### Task
Print every record below exactly, minus the pictures.

### Items from a data source
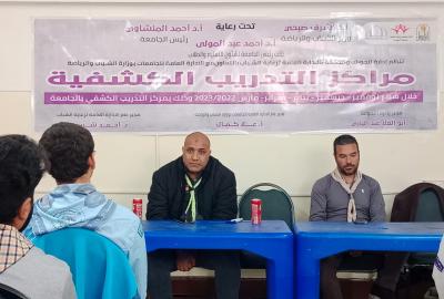 تنظم إدارة الجوالة والخدمة العامة بالإدارة العامة لرعاية الشباب بالتعاون مع الإدارة العامة للجامعات بوزارة الشباب والرياضة مراكز التدريب الكشفية وذلك بمركز التدريب الكشفي بالجامعة خلال شهر نوفمبر - ديسمبر - يناير - فبراير - مارس ٢٠٢٣/٢٠٢٢م
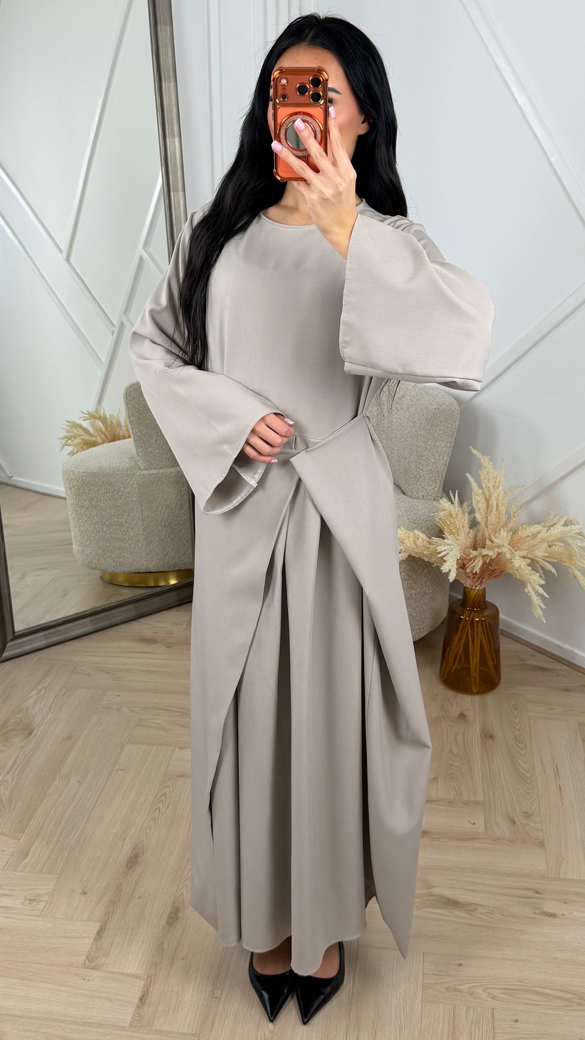 • Elegante abaya maxi jurk met overslagdetail aan de voorzijde
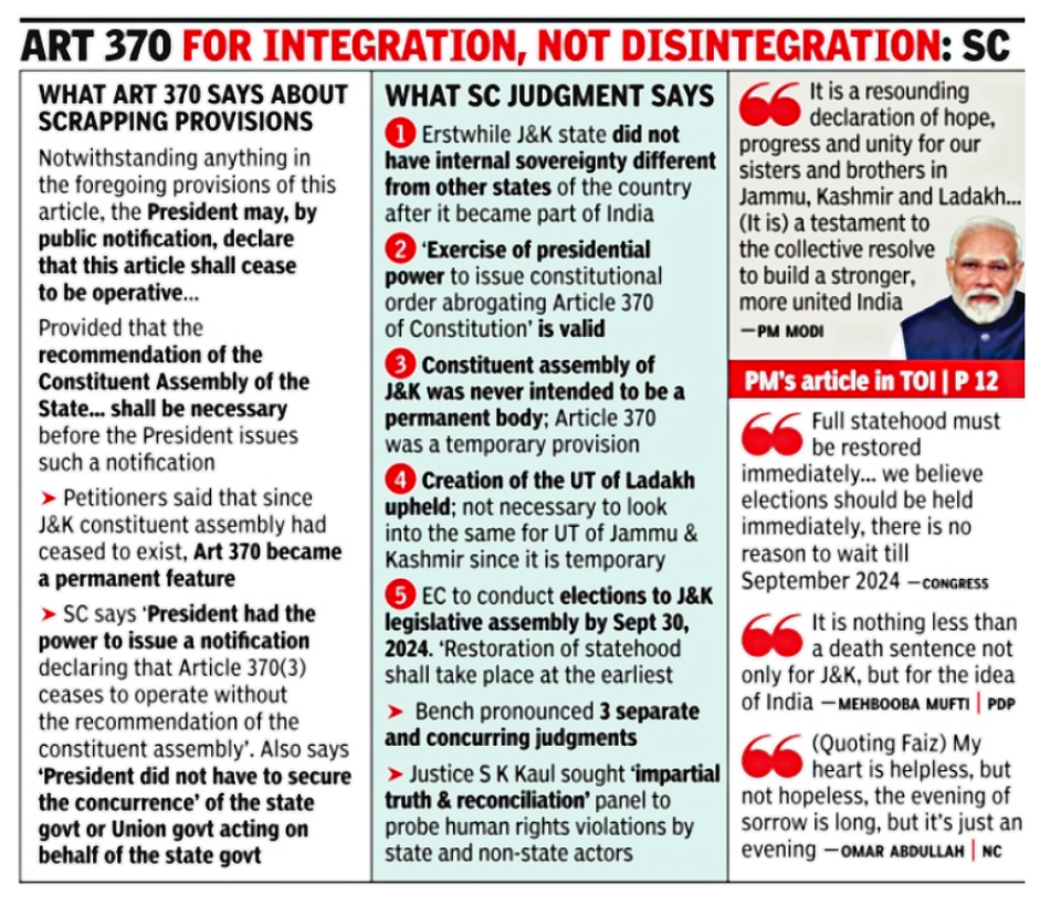 विभिन्न क्षेत्रों में अलग-अलग प्रतिक्रियाएँ-अनुच्छेद 370 पर हाल ही में सुप्रीम कोर्ट के फैसले ने विभिन्न क्षेत्रों में कई तरह की प्रतिक्रियाएँ पैदा की हैं:
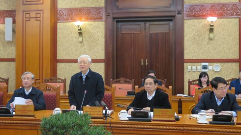 Tổng Bí thư, Chủ tịch nước Nguyễn Phú Trọng chủ trì phiên họp Ban Bí thư đánh giá kết quả 5 đoàn kiểm tra thực hiện Nghị quyết 18, 19 tại các bộ, ngành, địa phương. (Ảnh: HH) |
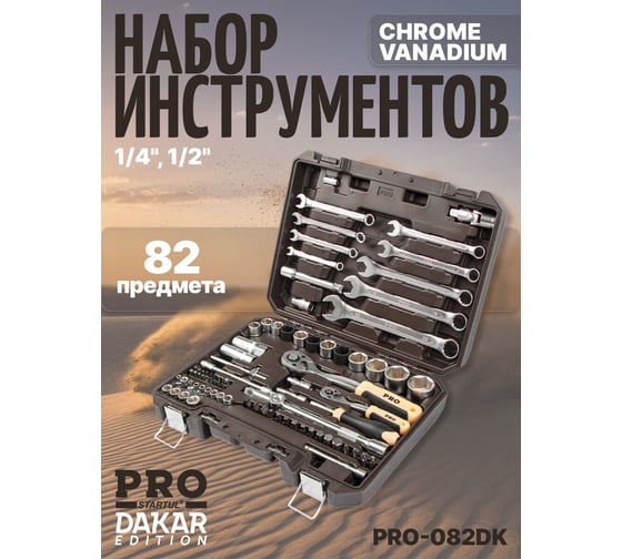 Набор головок и ключей с трещоткой STARTUL 1/4", 1/2" 6 граней Dakar 82 пр PRO-082DK ЦЗ-0000257040
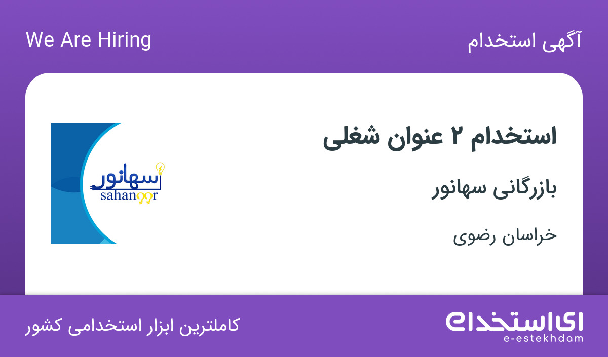 بازرگانی سهانور جهت تکمیل کادر خود در استان خراسان رضوی از افراد واجد شرایط زیر دعوت به همکاری می نماید.
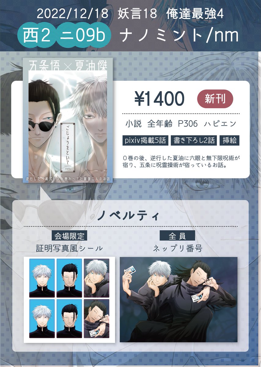 【お品書き】12/18 妖言18 俺達最強4 逆行したら術■式が入れ替わってた最強二人のお話 A5/P306/1400円(会場価格)/ハピエン ◆お品書き pixiv.net/artworks/10351… ◆とらのあな様 ecs.toranoana.jp/joshi/ec/item/…
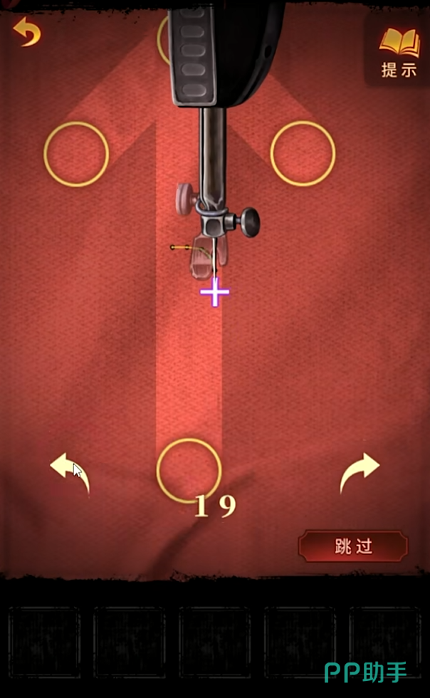 回缝纫室之后,把摇把放在红色盒子上,然后根据盒子里面给出的信息来快速调整木偶的姿势,获得面具之后,回到密室里面找到神龛,把马鞭、磨刀石、小面具放进去就可以得到一根针,然后回到缝纫机前使用针和线团、盖头就可以进行箭头缝制,然后将有箭头的红布放在安全出口上面就可以成功打开另外一间房门。
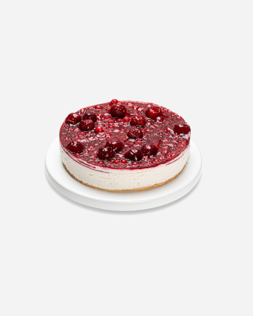 מוס גבינה וליקר דובדבנים בציפוי פירות יער.
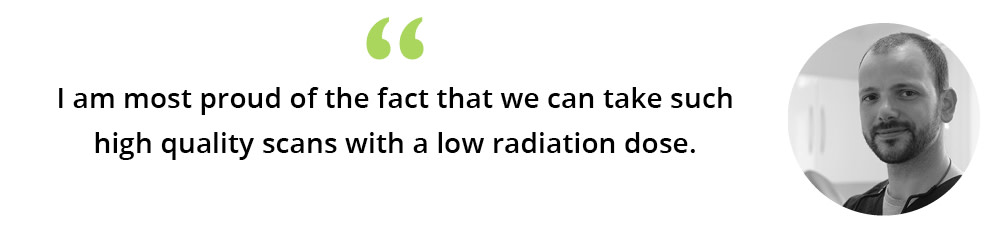 “I am most proud of the fact that we can take such high quality scans with a low radiation dose. Making the decision to invest in a CBCT is made all the easier with the assurance that you can see all the relevant anatomical structures at a fraction of the radiation dose of a traditional CT. For my work with dental implants and oral surgery, this has been invaluable.”

### Response for this exercise
 تنظم إدارة الجوالة والخدمة العامة بالإدارة العامة لرعاية الشباب بالتعاون مع الإدارة العامة للجامعات بوزارة الشباب والرياضة مراكز التدريب الكشفية وذلك بمركز التدريب الكشفي بالجامعة خلال شهر نوفمبر - ديسمبر - يناير - فبراير - مارس ٢٠٢٣/٢٠٢٢م
 • Elegante abaya maxi jurk met overslagdetail aan de voorzijde
 विभिन्न क्षेत्रों में अलग-अलग प्रतिक्रियाएँ-अनुच्छेद 370 पर हाल ही में सुप्रीम कोर्ट के फैसले ने विभिन्न क्षेत्रों में कई तरह की प्रतिक्रियाएँ पैदा की हैं:
 Tổng Bí thư, Chủ tịch nước Nguyễn Phú Trọng chủ trì phiên họp Ban Bí thư đánh giá kết quả 5 đoàn kiểm tra thực hiện Nghị quyết 18, 19 tại các bộ, ngành, địa phương. (Ảnh: HH) |
 Набор головок и ключей с трещоткой STARTUL 1/4", 1/2" 6 граней Dakar 82 пр PRO-082DK ЦЗ-0000257040
 بازرگانی سهانور جهت تکمیل کادر خود در استان خراسان رضوی از افراد واجد شرایط زیر دعوت به همکاری می نماید.
 【お品書き】12/18 妖言18 俺達最強4 逆行したら術■式が入れ替わってた最強二人のお話 A5/P306/1400円(会場価格)/ハピエン ◆お品書き pixiv.net/artworks/10351… ◆とらのあな様 ecs.toranoana.jp/joshi/ec/item/…
 回缝纫室之后,把摇把放在红色盒子上,然后根据盒子里面给出的信息来快速调整木偶的姿势,获得面具之后,回到密室里面找到神龛,把马鞭、磨刀石、小面具放进去就可以得到一根针,然后回到缝纫机前使用针和线团、盖头就可以进行箭头缝制,然后将有箭头的红布放在安全出口上面就可以成功打开另外一间房门。
 מוס גבינה וליקר דובדבנים בציפוי פירות יער.
 “I am most proud of the fact that we can take such high quality scans with a low radiation dose. Making the decision to invest in a CBCT is made all the easier with the assurance that you can see all the relevant anatomical structures at a fraction of the radiation dose of a traditional CT. For my work with dental implants and oral surgery, this has been invaluable.”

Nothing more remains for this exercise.